╭─ RECORDS TO PROCESS
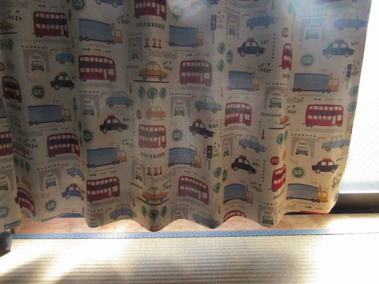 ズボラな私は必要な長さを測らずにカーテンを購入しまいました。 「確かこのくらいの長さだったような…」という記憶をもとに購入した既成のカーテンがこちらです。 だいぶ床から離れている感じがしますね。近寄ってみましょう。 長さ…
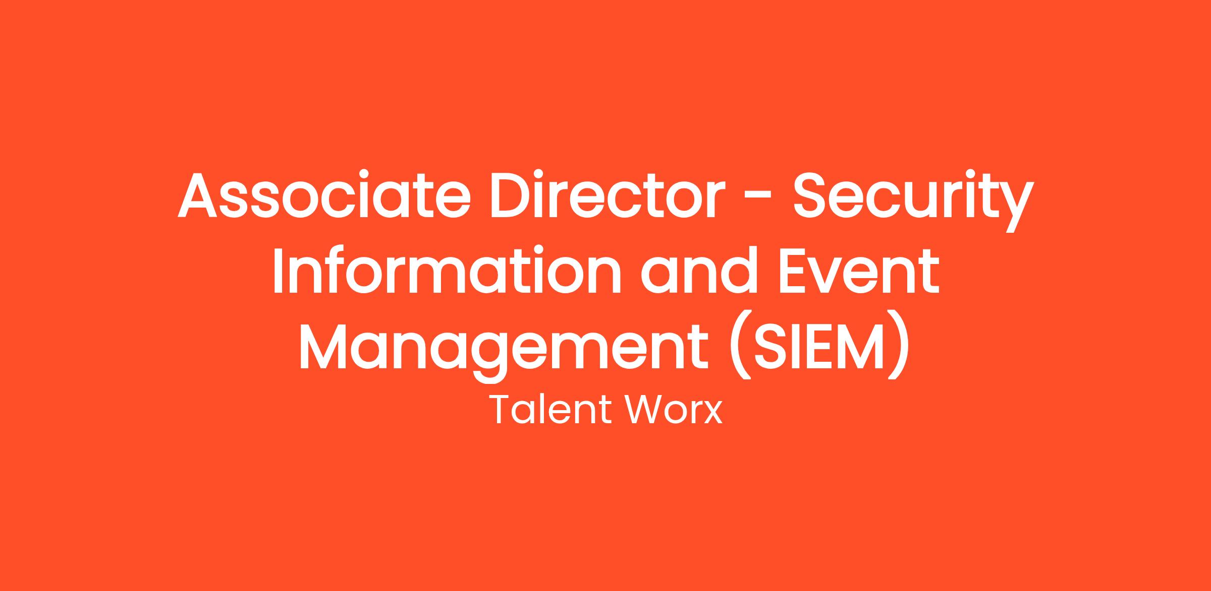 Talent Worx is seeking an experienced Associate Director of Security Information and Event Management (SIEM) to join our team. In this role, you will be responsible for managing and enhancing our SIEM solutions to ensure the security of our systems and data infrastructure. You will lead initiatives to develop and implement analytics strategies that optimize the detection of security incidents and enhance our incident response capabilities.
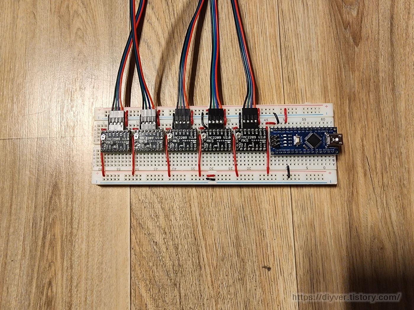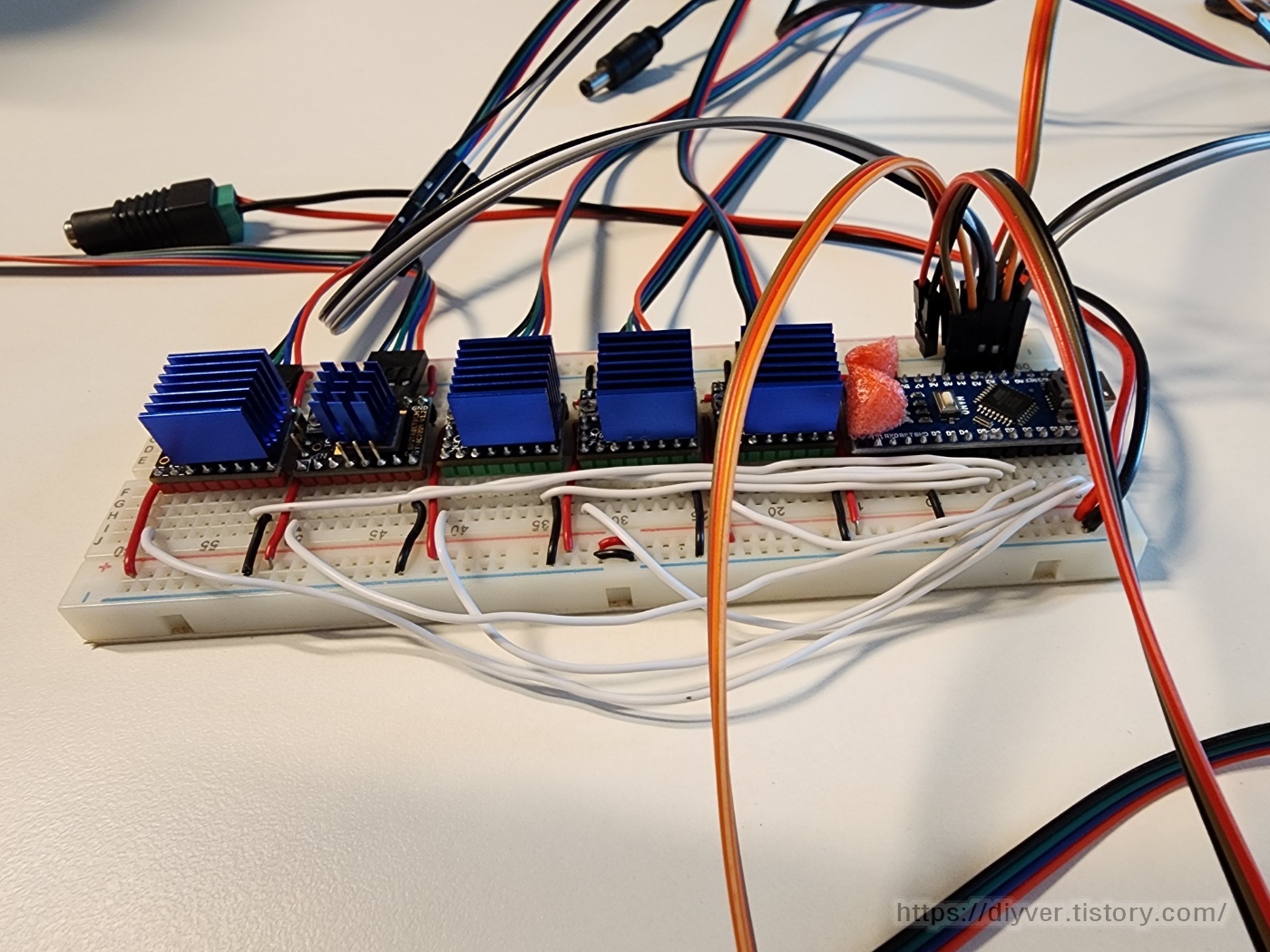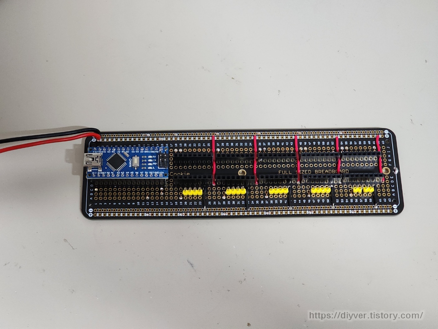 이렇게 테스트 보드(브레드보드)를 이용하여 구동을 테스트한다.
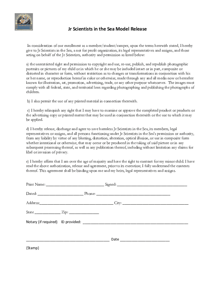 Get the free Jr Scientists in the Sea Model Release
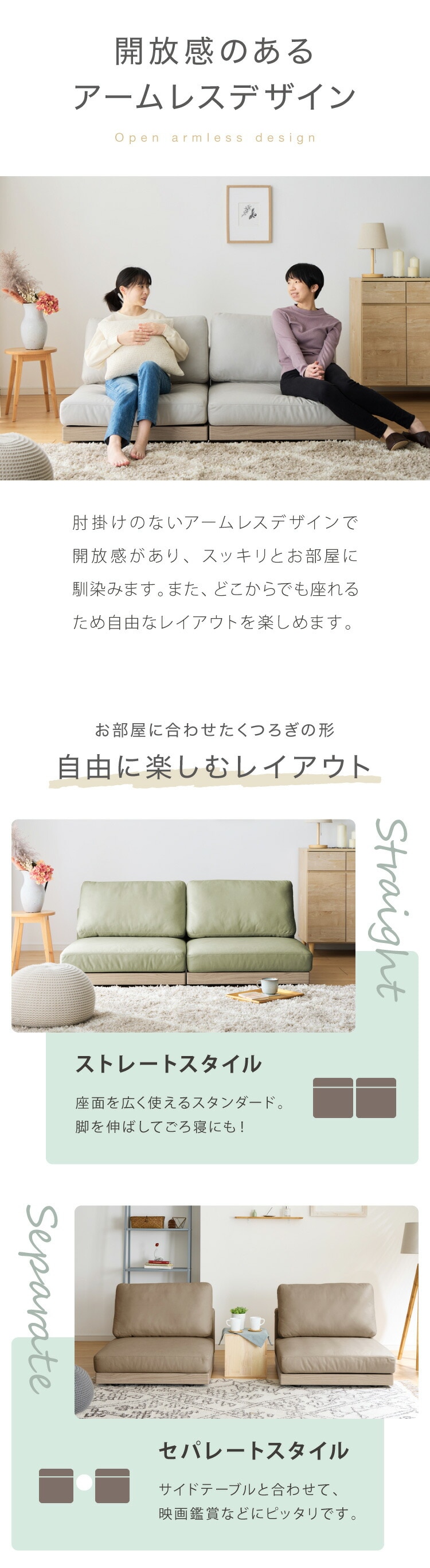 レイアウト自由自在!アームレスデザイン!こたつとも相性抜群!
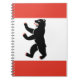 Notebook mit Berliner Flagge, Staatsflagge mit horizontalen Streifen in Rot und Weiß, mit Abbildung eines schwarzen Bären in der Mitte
╰─
▸ **WHAT THE TASK ASKS**: Repeat the listing in full and exactly. Do not include any images.

▸ **PROBLEM SOLUTION**:
 ズボラな私は必要な長さを測らずにカーテンを購入しまいました。 「確かこのくらいの長さだったような…」という記憶をもとに購入した既成のカーテンがこちらです。 だいぶ床から離れている感じがしますね。近寄ってみましょう。 長さ…
 Talent Worx is seeking an experienced Associate Director of Security Information and Event Management (SIEM) to join our team. In this role, you will be responsible for managing and enhancing our SIEM solutions to ensure the security of our systems and data infrastructure. You will lead initiatives to develop and implement analytics strategies that optimize the detection of security incidents and enhance our incident response capabilities.
 이렇게 테스트 보드(브레드보드)를 이용하여 구동을 테스트한다.
 Get the free Jr Scientists in the Sea Model Release
 レイアウト自由自在!アームレスデザイン!こたつとも相性抜群!
 Notebook mit Berliner Flagge, Staatsflagge mit horizontalen Streifen in Rot und Weiß, mit Abbildung eines schwarzen Bären in der Mitte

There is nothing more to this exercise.